In the records below, find the line containing "新款林肯领航员这款车的内饰方" and repeat it and every line after it exactly, without pictures.

- Records

===============

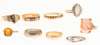 to include a single stone diamond set ring; a 9ct gold opal and colourless gem set ring; an 18ct gold wedding band; a cameo set ring and a citrine set ring, both stamped 9ct; two bi-coloured gold set rings; one 9ct gold the other stamped 585; a yellow metal ring with heart motif; a colourless gem set eternity ring (9)
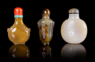 the first of a flattened pear form, decorated with two carved bats on the shoulders, raised on an oval foot, having a coral stopper, the second a carved shadow agate example of flattened circular form, the white body having speckled brown inclusions along one shoulder, the front side decorated with a boy fishing in a lakeside landscape of hills and trees, the reverse a carving of a boy chasing a bird through a wooded scene, the third a baluster form example raised on a circular foot, decorated with a low-relief carving of a fish on one side and a scene of lotus and dragonfly on the reverse, having two carved lion-mask and ring handles, the body of milky white color with yellowish-brown, russet and dark-brown inclusions, with banded agate stopper.
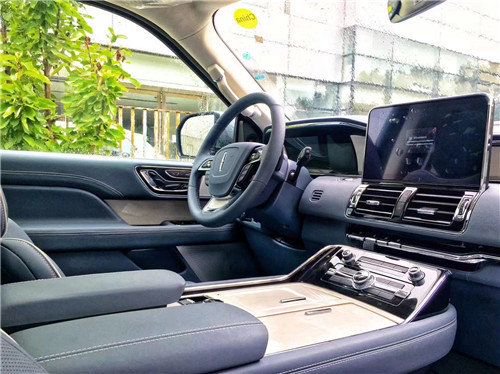 新款林肯领航员这款车的内饰方面设计非常豪华,配备了多功能方向盘,拥有接打电话、蓝牙以及加热等功能。方向盘前方是12.3寸全液晶仪表盘,尺寸够大,分辨率也很高。旁边是10寸的中控显示屏,许多报警、导航、音乐和三区空调等功能都可以在这上面进行调节。
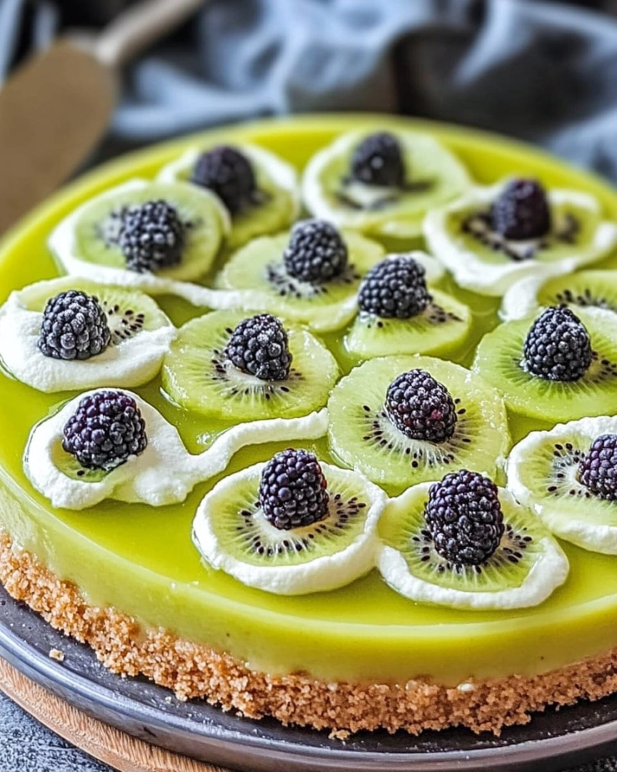 Veganer No-Bake-Kiwi-Käsekuchen Dieser vegane Kiwi-Käsekuchen ohne Backen ist eine gesündere Interpretation des Klassikers.
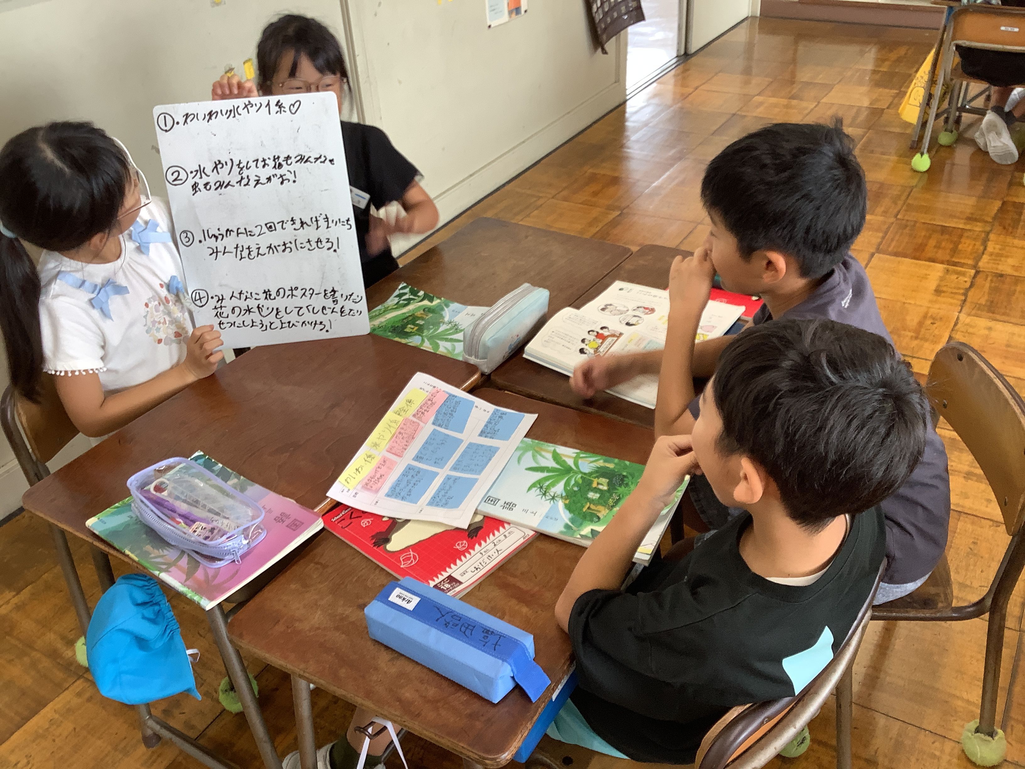 どのグループも、話し合った内容や係の仕事内容をしっかりと伝えることができていました。

===============

- Exercise output
 新款林肯领航员这款车的内饰方面设计非常豪华,配备了多功能方向盘,拥有接打电话、蓝牙以及加热等功能。方向盘前方是12.3寸全液晶仪表盘,尺寸够大,分辨率也很高。旁边是10寸的中控显示屏,许多报警、导航、音乐和三区空调等功能都可以在这上面进行调节。
 Veganer No-Bake-Kiwi-Käsekuchen Dieser vegane Kiwi-Käsekuchen ohne Backen ist eine gesündere Interpretation des Klassikers.
 どのグループも、話し合った内容や係の仕事内容をしっかりと伝えることができていました。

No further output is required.